- [DIRECTIONS] Exactly the lines below, starting with the one containing "挑战烛龙之魂需掌握振刀机制的" and going on through the one containing "王朝霞期末专项卷——课文内容", must be reproduced, both ends included, and no pictures with them.

- [EXERCISE MATERIAL]
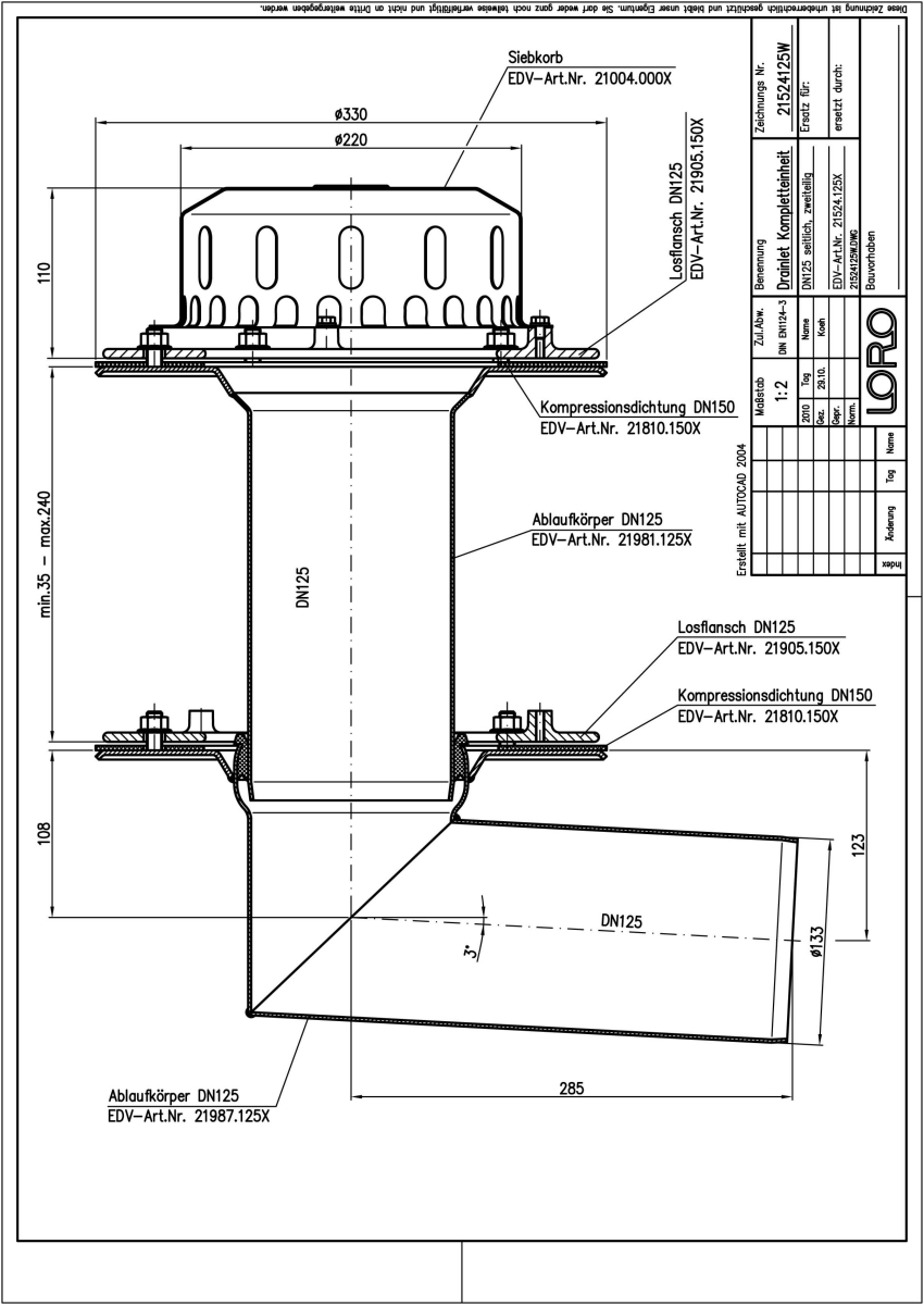 LORO-X DRAINLET Flachdachablauf, Serie 84(DL) zweiteilig ohne Wärmedämmung, Auslauf seitlich 3 Grad, für Hauptentwässerung mit Freispiegelströmung, Abflussleistung 9,2 l/s bei 45 mm Wasserhöhe auf dem Dach, mit Klemmflansch als Los- und Festflanschkonstruktion inklusive Kompressionsdichtungen, für Bitumen- und Kunststoff- Abdichtungsbahnen, DRAINLET-Haube aus Edelstahl, nach DIN EN 1253 mit erhöhtem Qualitätsstandard gemäß RAL-Gütezeichen GZ-694, Leistungsnachweis mit normgerechtem Prüfsystem mit 4,2m nicht belüfteter Fallleitung gemäß LX-Datenblatt LX890, aus Edelstahl, DN 125
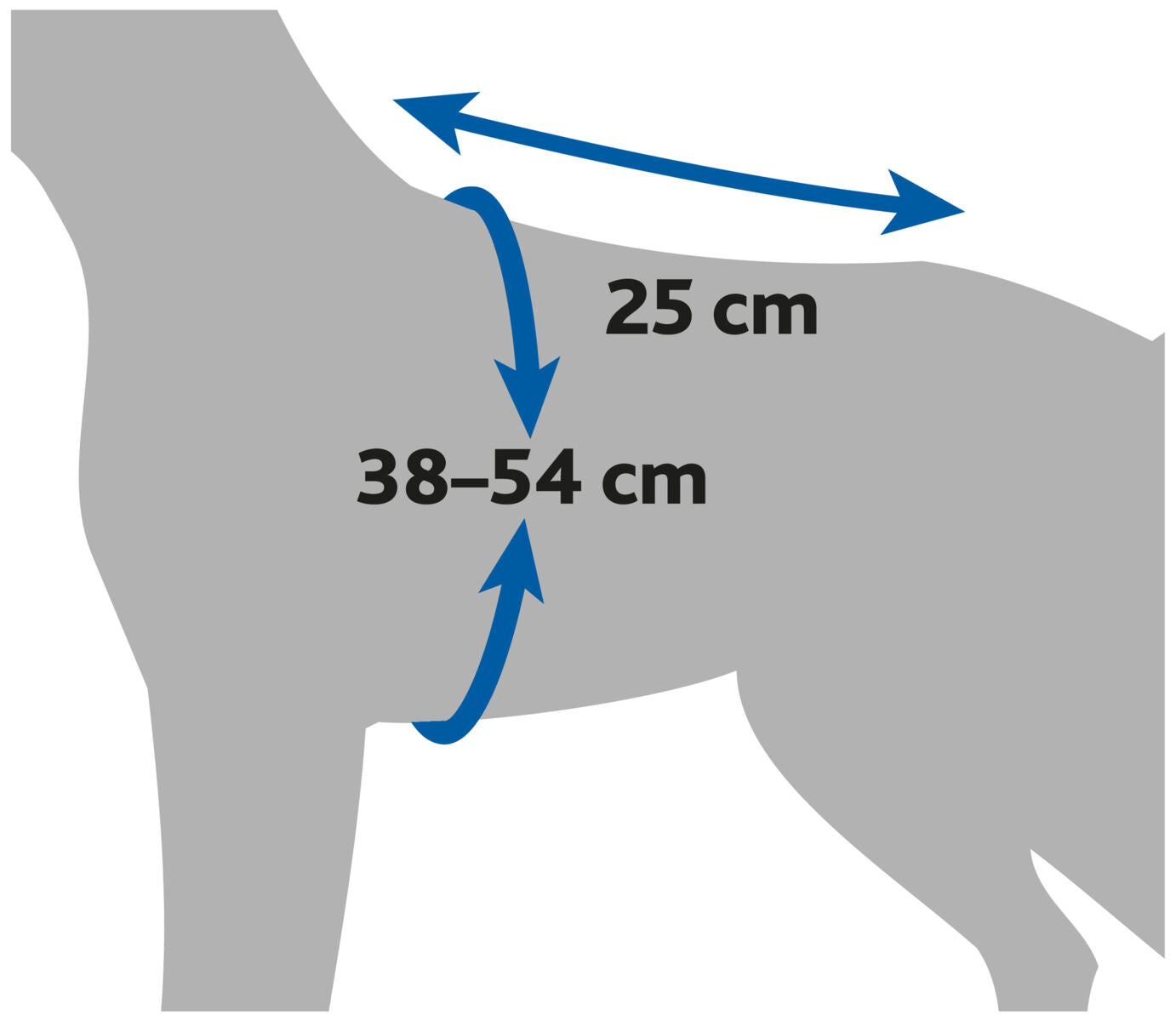 Verstellbare Klettverschlüsse an Brust und Bauch – für Halsumfänge ca. 30–60 cm
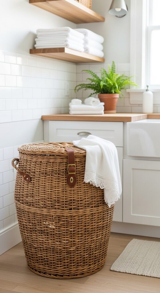 Use a vintage laundry basket as decor instead of hiding your ugly plastic one in a closet.
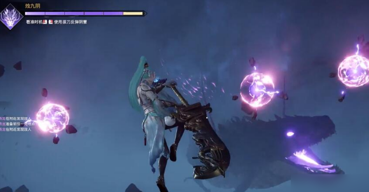 挑战烛龙之魂需掌握振刀机制的实际应用。进入战斗后,烛龙会周期性释放紫色阴雷电球,玩家需以鼠标左右键组合触发振刀动作反弹攻击。团队需累计完成六次有效振刀即可击败BOSS,操作判定时间较宽松,但需注意节奏把控。振刀成功时角色会呈现金色霸体状态,系统将自动累计计数,无需额外攻击输出。
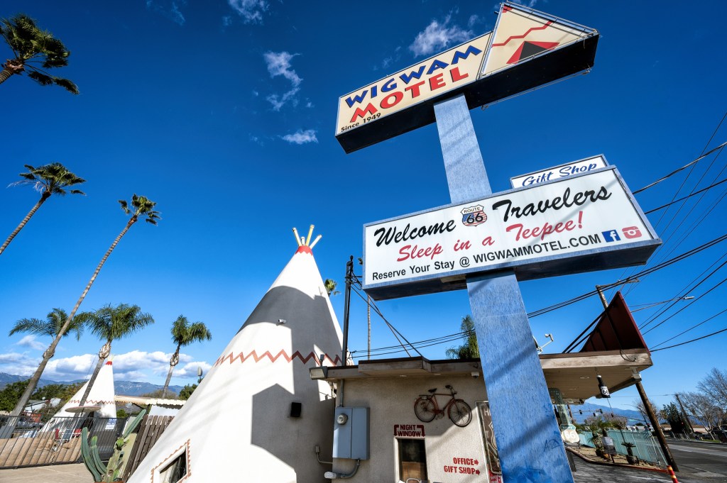 The Wigwam Motel along historic Route 66 is one of Southern California’s most memorable roadside attractions. Built in 1949, it’s known for its distinctive teepee-shaped guest rooms, each standing about 32 feet tall and arranged in a village-style layout right along Foothill Boulevard, the old alignment of Route 66. The motel was the seventh and final Wigwam Village constructed by designer Frank A. Redford, part of a unique series of roadside lodging sites built between the 1930s and late 1940s that embraced eye-catching novelty architecture to draw in travelers. Only three of the original seven Wigwam Villages survive today.
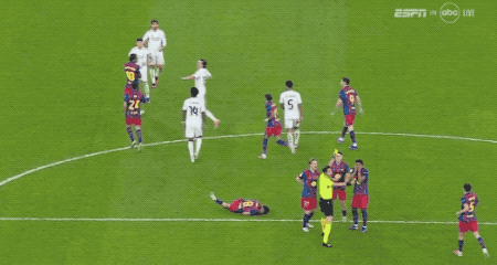 巴萨球员集体发泄不满,拉菲尼亚和德容不停和裁判沟通,裁判并没有做出任何追加的判罚。
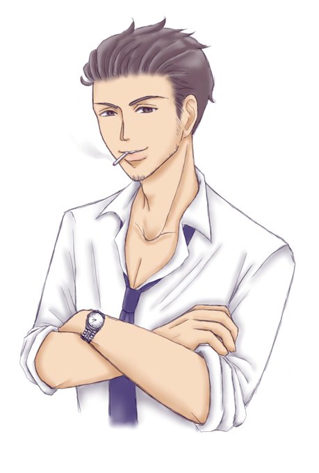 腕まくりしてるのを描きたかったのでジャケットはナシにしたのですが、結果として彼だけ上半身ほぼ全て描くことに……😅
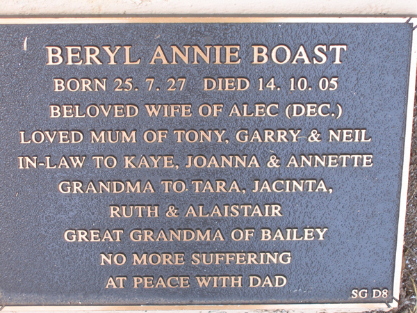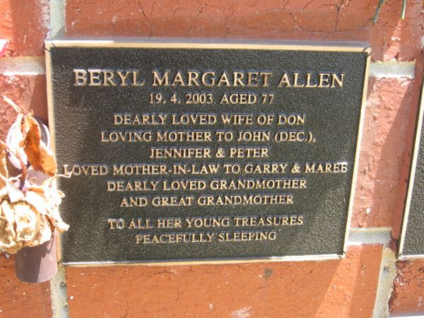 | ALLAN | Beryl Margaret | photo | 19/4/2003 | 77 | Donald E. | m/o John (dec) Jennifer & peter | ||
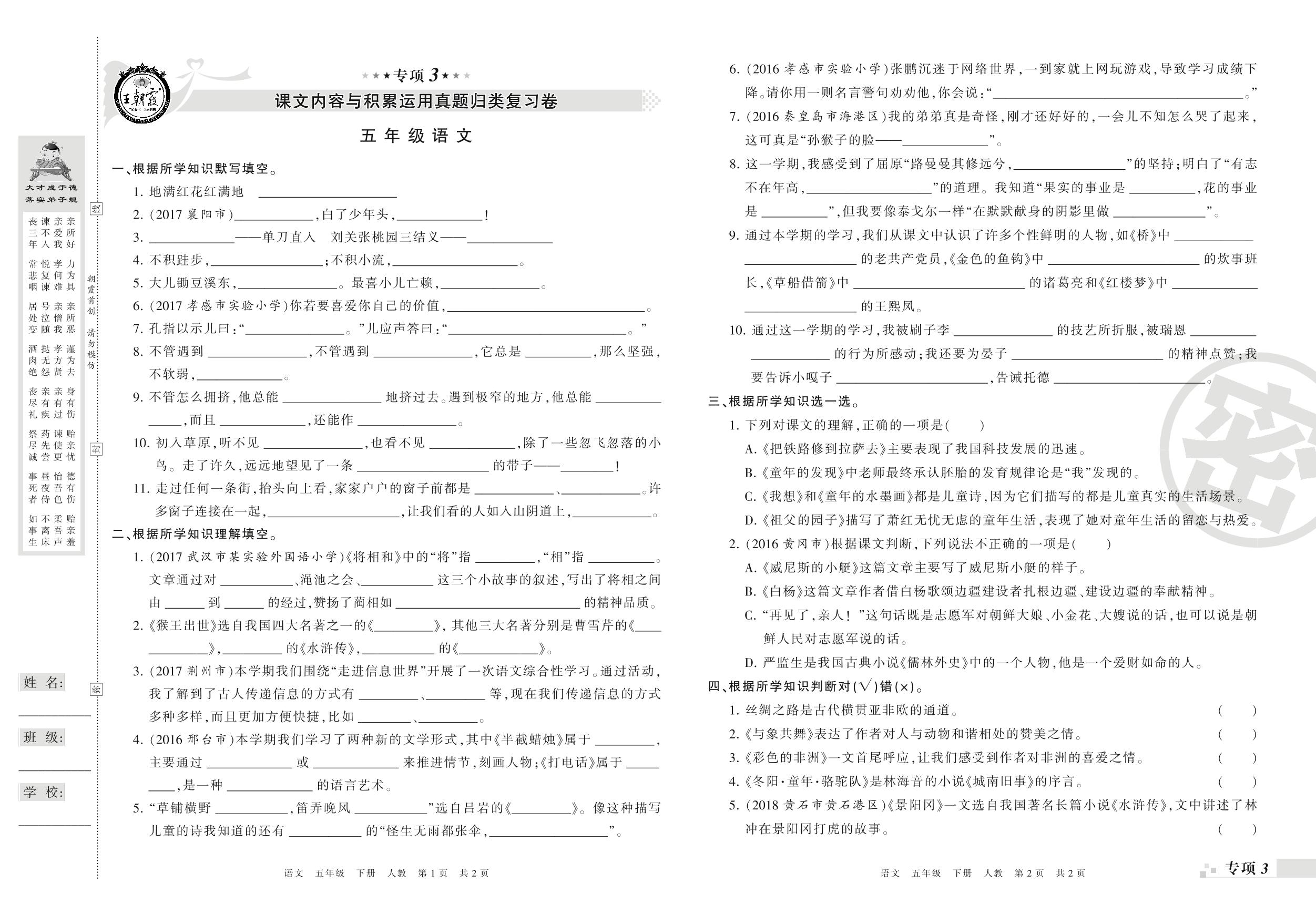 王朝霞期末专项卷——课文内容与积累运用、课内阅读与写作真题归类复习五年级下册语文(人教版)_R210801203706【0】
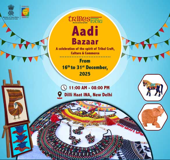 Aadi Bazaar returns to Dilli Haat, INA this December with a vibrant celebration of India’s tribal art, craft, and culture. Visitors can explore a colourful marketplace of handlooms, jewellery, home décor, and unique handcrafted gifts, all created by skilled tribal artisans from across the country.
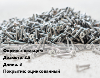 Шуруп с кольцом 2.5х8 оцинкованный, упаковка 100 шт, Китай цена от 36.9 Р / кг, где купить, условия доставки в Могилеве и Могилёвской области
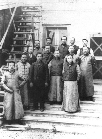 1913年,詹天佑(中)与中华工程师学会部分会员合影

- [ANSWER BOX]
 挑战烛龙之魂需掌握振刀机制的实际应用。进入战斗后,烛龙会周期性释放紫色阴雷电球,玩家需以鼠标左右键组合触发振刀动作反弹攻击。团队需累计完成六次有效振刀即可击败BOSS,操作判定时间较宽松,但需注意节奏把控。振刀成功时角色会呈现金色霸体状态,系统将自动累计计数,无需额外攻击输出。
 The Wigwam Motel along historic Route 66 is one of Southern California’s most memorable roadside attractions. Built in 1949, it’s known for its distinctive teepee-shaped guest rooms, each standing about 32 feet tall and arranged in a village-style layout right along Foothill Boulevard, the old alignment of Route 66. The motel was the seventh and final Wigwam Village constructed by designer Frank A. Redford, part of a unique series of roadside lodging sites built between the 1930s and late 1940s that embraced eye-catching novelty architecture to draw in travelers. Only three of the original seven Wigwam Villages survive today.
 巴萨球员集体发泄不满,拉菲尼亚和德容不停和裁判沟通,裁判并没有做出任何追加的判罚。
 腕まくりしてるのを描きたかったのでジャケットはナシにしたのですが、結果として彼だけ上半身ほぼ全て描くことに……😅
 | ALLAN | Beryl Margaret | photo | 19/4/2003 | 77 | Donald E. | m/o John (dec) Jennifer & peter | ||
 王朝霞期末专项卷——课文内容与积累运用、课内阅读与写作真题归类复习五年级下册语文(人教版)_R210801203706【0】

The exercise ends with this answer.